>>>

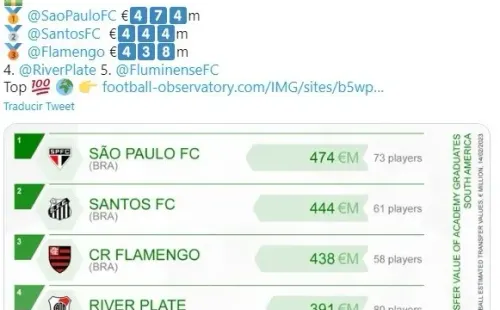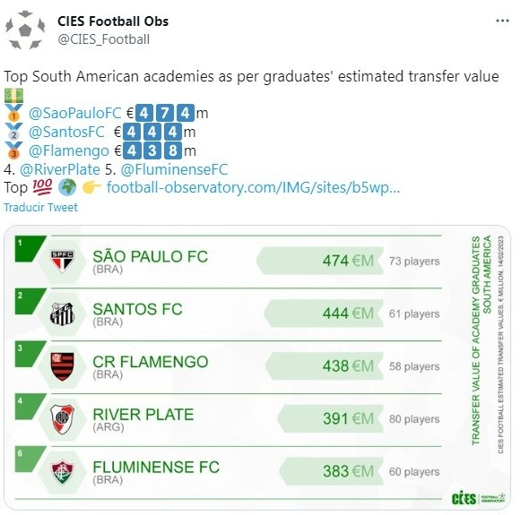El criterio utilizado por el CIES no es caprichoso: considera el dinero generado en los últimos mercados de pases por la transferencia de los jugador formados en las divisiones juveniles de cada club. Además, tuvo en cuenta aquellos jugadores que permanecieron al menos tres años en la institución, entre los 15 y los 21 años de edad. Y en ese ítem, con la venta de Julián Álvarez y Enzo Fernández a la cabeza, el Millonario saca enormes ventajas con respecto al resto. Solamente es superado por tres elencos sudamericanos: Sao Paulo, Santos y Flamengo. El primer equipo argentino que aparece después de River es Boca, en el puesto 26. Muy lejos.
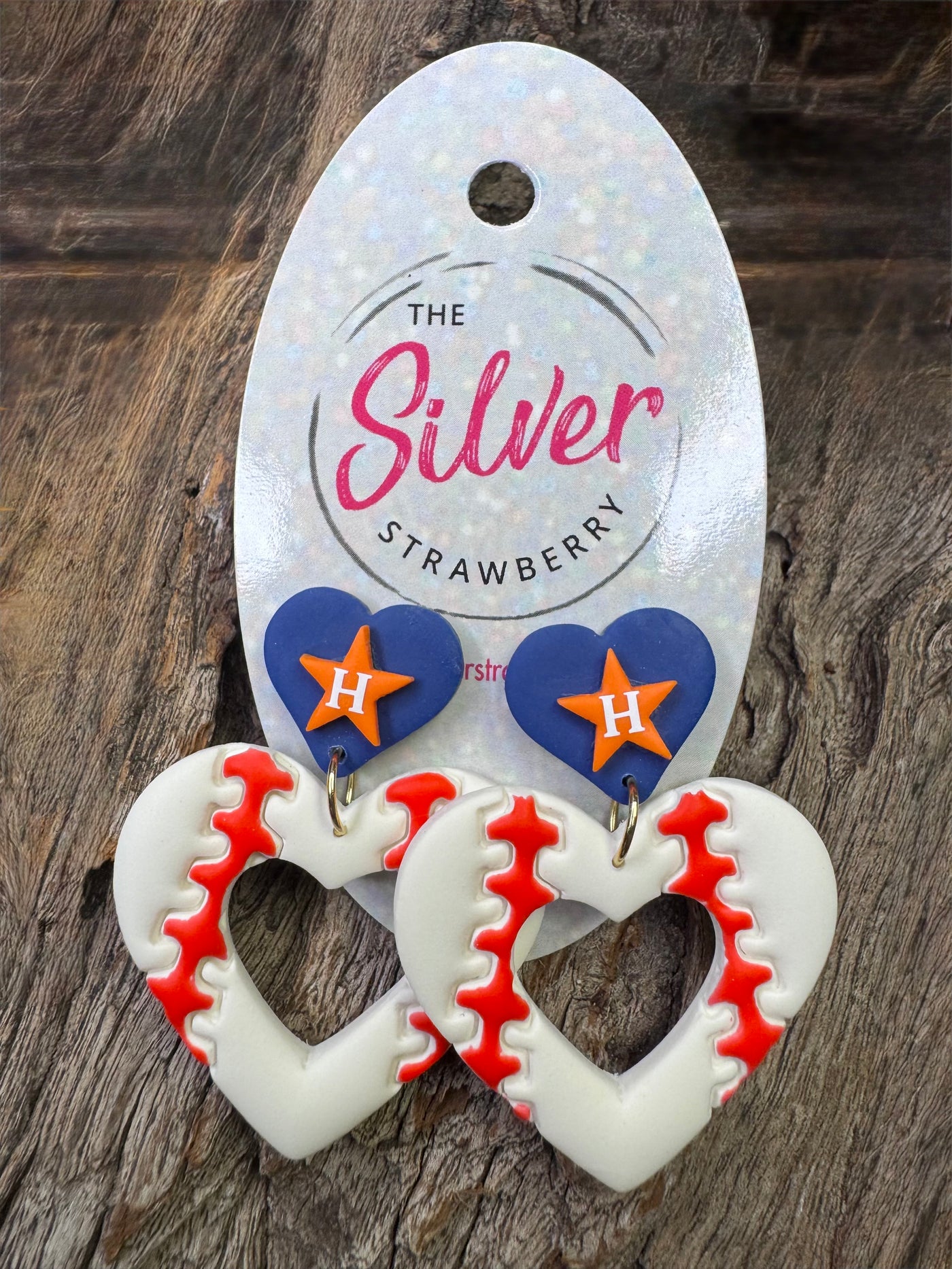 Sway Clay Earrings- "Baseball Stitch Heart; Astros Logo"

<<<
>>>

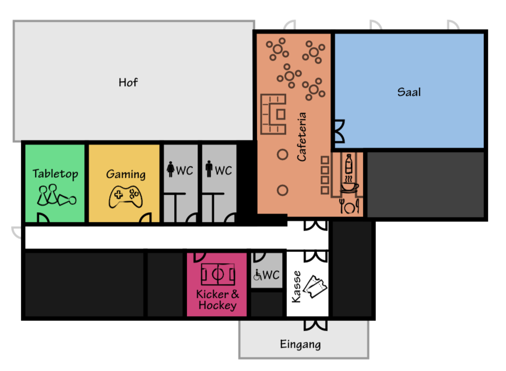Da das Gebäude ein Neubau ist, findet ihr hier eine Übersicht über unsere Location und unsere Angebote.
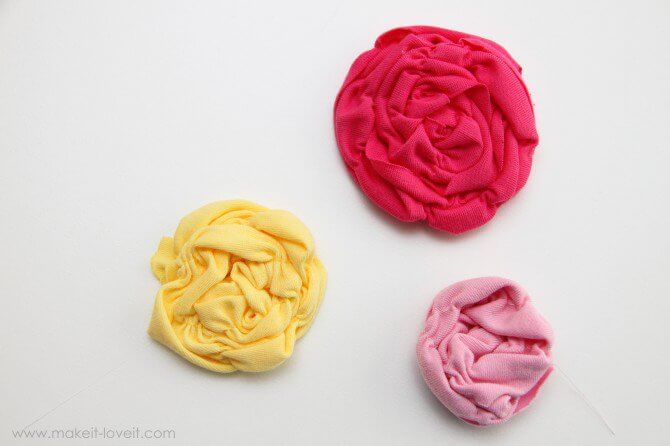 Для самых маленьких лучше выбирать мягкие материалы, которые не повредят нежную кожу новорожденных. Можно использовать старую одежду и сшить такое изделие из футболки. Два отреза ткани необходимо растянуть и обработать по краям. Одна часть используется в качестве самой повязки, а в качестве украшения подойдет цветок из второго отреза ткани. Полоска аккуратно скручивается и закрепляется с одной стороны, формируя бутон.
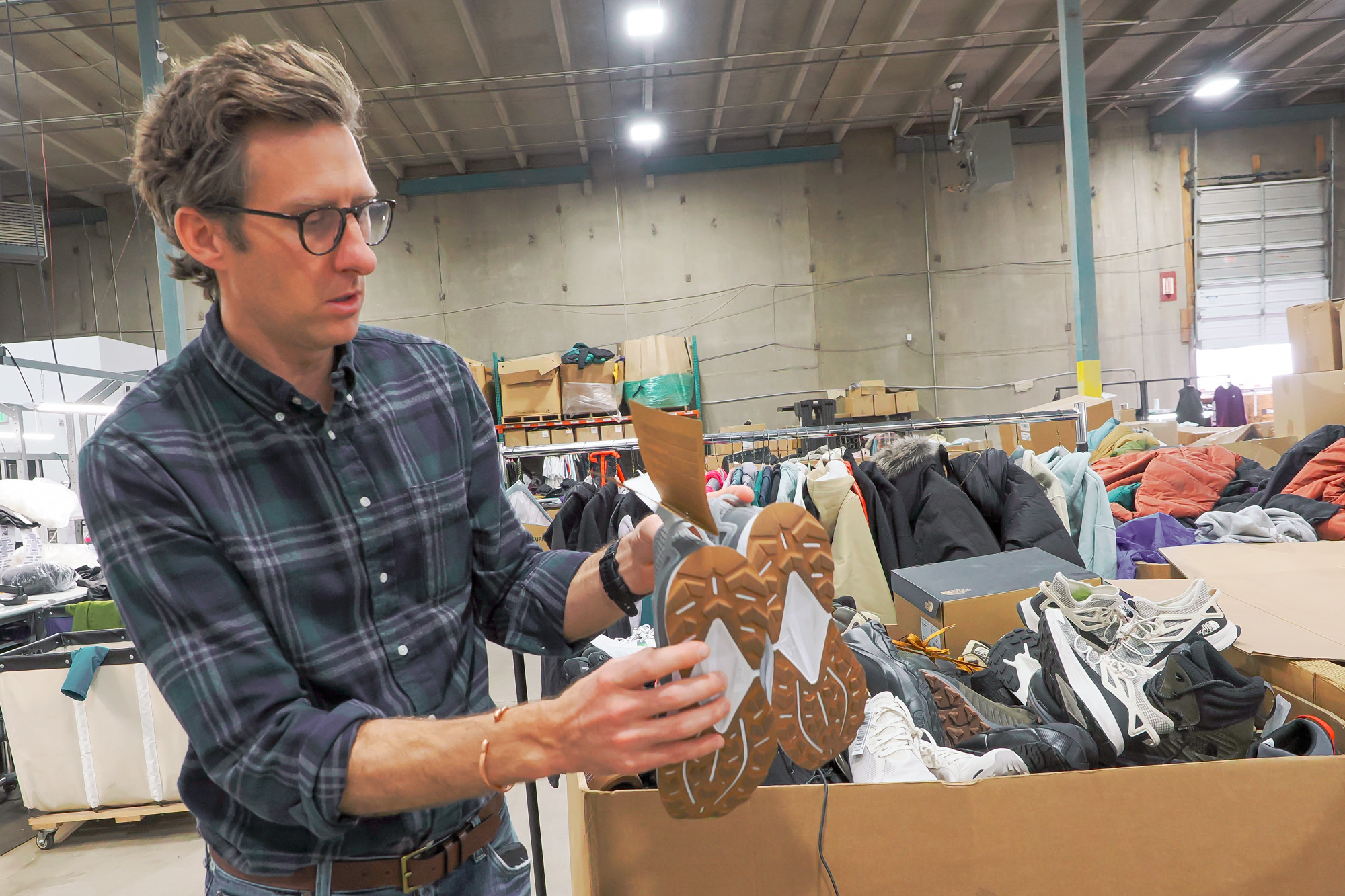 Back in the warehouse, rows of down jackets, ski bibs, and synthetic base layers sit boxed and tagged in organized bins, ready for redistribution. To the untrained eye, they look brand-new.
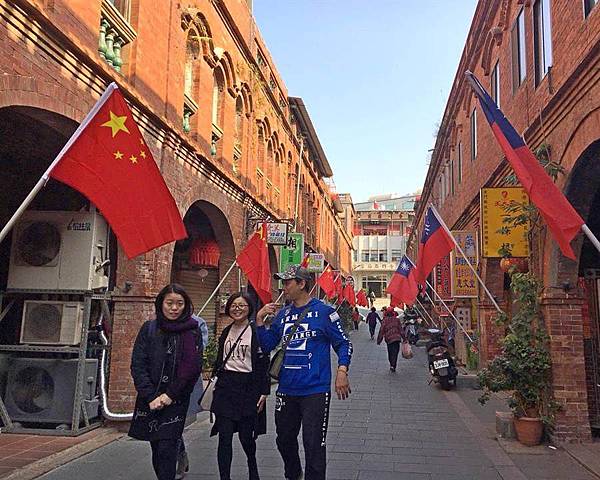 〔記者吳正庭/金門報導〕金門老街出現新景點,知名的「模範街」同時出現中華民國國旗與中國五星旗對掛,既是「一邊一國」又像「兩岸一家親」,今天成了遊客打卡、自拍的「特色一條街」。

<<<

_TASK ITEM_: Give again, exactly as written above, each line from the one that has "El criterio utilizado" to the one that has "Stitch Heart; Astros", both included; omit the pictures.

_ANSWER BOX_:
El criterio utilizado por el CIES no es caprichoso: considera el dinero generado en los últimos mercados de pases por la transferencia de los jugador formados en las divisiones juveniles de cada club. Además, tuvo en cuenta aquellos jugadores que permanecieron al menos tres años en la institución, entre los 15 y los 21 años de edad. Y en ese ítem, con la venta de Julián Álvarez y Enzo Fernández a la cabeza, el Millonario saca enormes ventajas con respecto al resto. Solamente es superado por tres elencos sudamericanos: Sao Paulo, Santos y Flamengo. El primer equipo argentino que aparece después de River es Boca, en el puesto 26. Muy lejos.
 Sway Clay Earrings- "Baseball Stitch Heart; Astros Logo"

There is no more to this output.